How to auto delete files in AWS s3 every X times interval in Nodejs
Here is how you can auto delete files from certain bucker in AWS s3 storage every X times interval in Nodejs, whether less than a day, an hour or any time you choose
Here is how you can auto delete files from certain bucker in AWS s3 storage every X times interval in Nodejs, whether less than a day, an hour or any time you choose
Raw logic to choose which files to delete
Not like MYSQL query, where we have a where
clause to run on a query. We have to implement a different strategy for AWS.
The big picture:
- List all the files
- Collect only where files older than X times
- Put Keys of selected files in an array
- delete objest based on this paramter (array of keys)
Initalize the AWS S3
Assume you have .env file to store the sensitive informations
import AWS from 'aws-sdk'
import dotenv from 'dotenv'
dotenv.config()
const s3 = new AWS.S3({
endpoint: process.env.DO_SPACES_FILE_ENDPOINT,
accessKeyId: process.env.DO_SPACES_KEY_ID,
secretAccessKey: process.env.DO_SPACES_SECRET_ACCESS_KEY,
region: process.env.DO_SPACES_REGION,
})
Collect all keys from selected bucket and folder
List all the files
const params = {
Bucket: process.env.DO_SPACES_BUCKET || '',
Prefix: 'user-upload-folder/',
}
const data = await s3.listObjectsV2(params).promise()

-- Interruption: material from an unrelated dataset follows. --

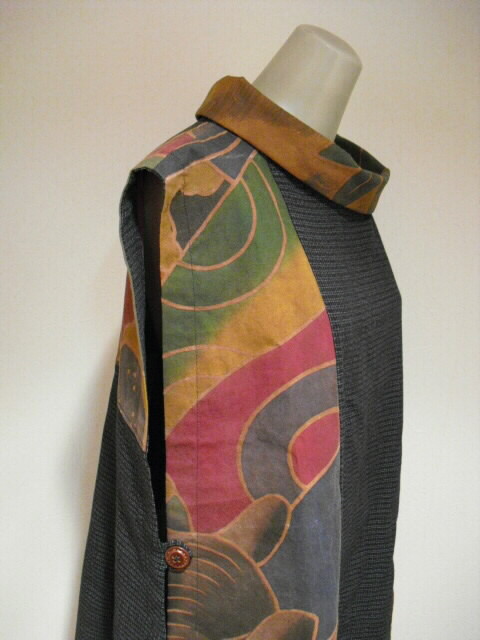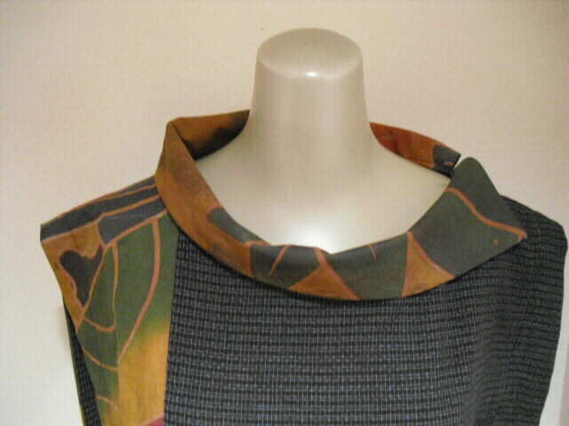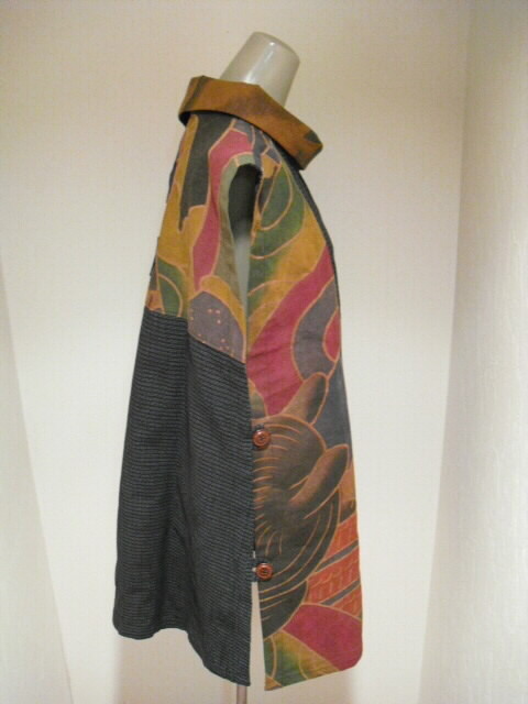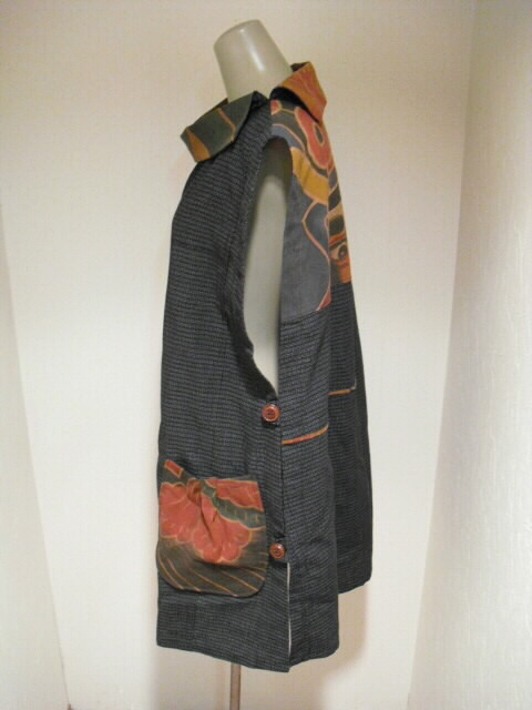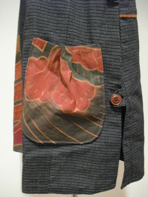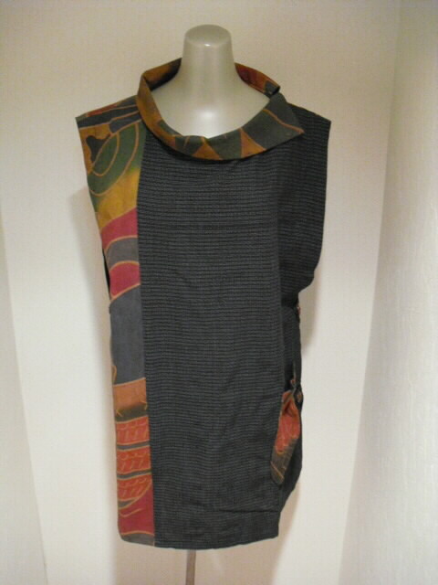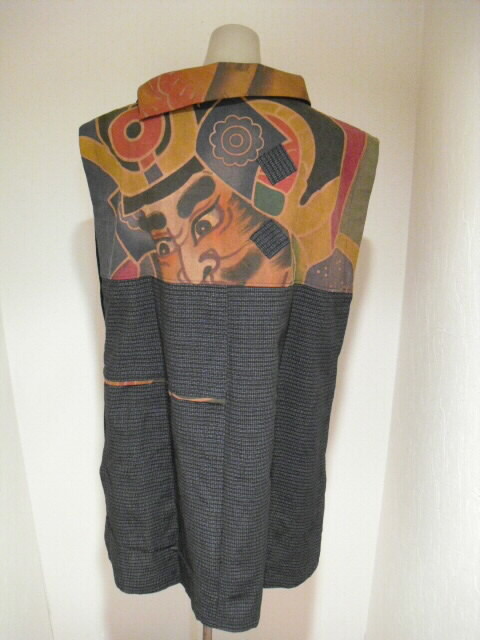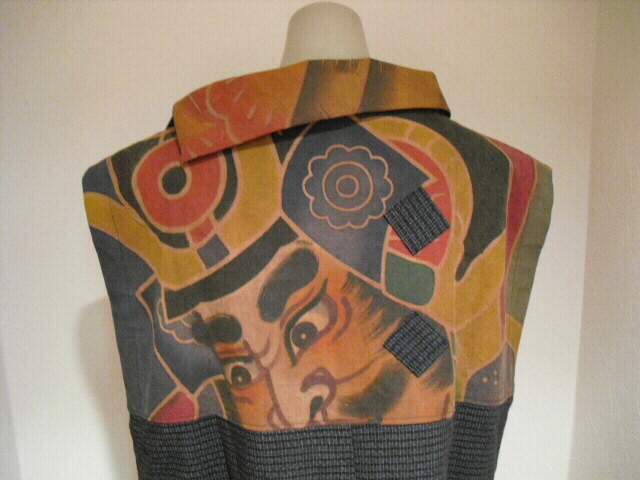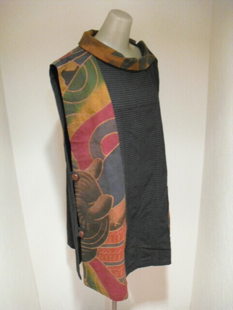 古布の「武者絵幟」と縞柄の綿の着物を組合わせて作った個性輝くチュニックです♪

Now we have all files, in selected bucket and folder.
user-upload-folder
is my sample of folder’s name.
If you want to check files in all folders, then you can let prefix empty.
Filter only items less than X days
Now, we have all the files in data.Contents
.
const keys = data.Contents?.map((item) => {
// exception for the folder
if (item.Key === 'user-upload-folder/') {
return
}
const fileTime = item.LastModified?.getTime()

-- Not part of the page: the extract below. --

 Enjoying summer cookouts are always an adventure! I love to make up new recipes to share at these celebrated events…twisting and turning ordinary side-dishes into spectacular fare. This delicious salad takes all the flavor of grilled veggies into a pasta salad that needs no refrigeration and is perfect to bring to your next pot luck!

const currentTime = new Date().getTime()
console.log('fileTime: ', fileTime)
// if file is older than 1 hour
if (fileTime && currentTime - fileTime > 3600000) {
return { Key: item.Key }
}
})
- we loop with map function
- we exclude the folder name
- check if time older than 1 hour. Feel free to change the time
3600000
based on time you want to checked. - Collect only items with following structure
{Key: $key_object}
Clean up our objects
Since on our loop, we potentially have null values, let’s filter it with
// remove null from keys array
// Used for folder name . to not remove the folder
const filteredKeys = keys?.filter((item) => item !== undefined)
Magic part: delete!
Now the moment we’ve been waiting. Let’s delete this keys from cleaned up data
- I use typescript, so you’ll see some typed object
// prepare the data (correct parameter needed)
const deleteParams = {
Bucket: process.env.DO_SPACES_BUCKET || '',
Delete: {
Objects: filteredKeys,
Quiet: false,
},
} as AWS.S3.DeleteObjectsRequest
try {
const responseDelete = await s3
.deleteObjects(deleteParams)
.promise()
console.log('Successfully deleted files')
console.log(responseDelete)
return res.status(200).json({ data: responseDelete })
} catch (error) {
console.log('Failed to delete files')
console.log(error)
}
How to auto run ?
You can hit the endpoint where you have all the logics above with a CRON.
Once your endpoint is online, you can use any service you want to hit the endpoint on the interval necessary for your case. For example you can use cron-job or for free
That’s it!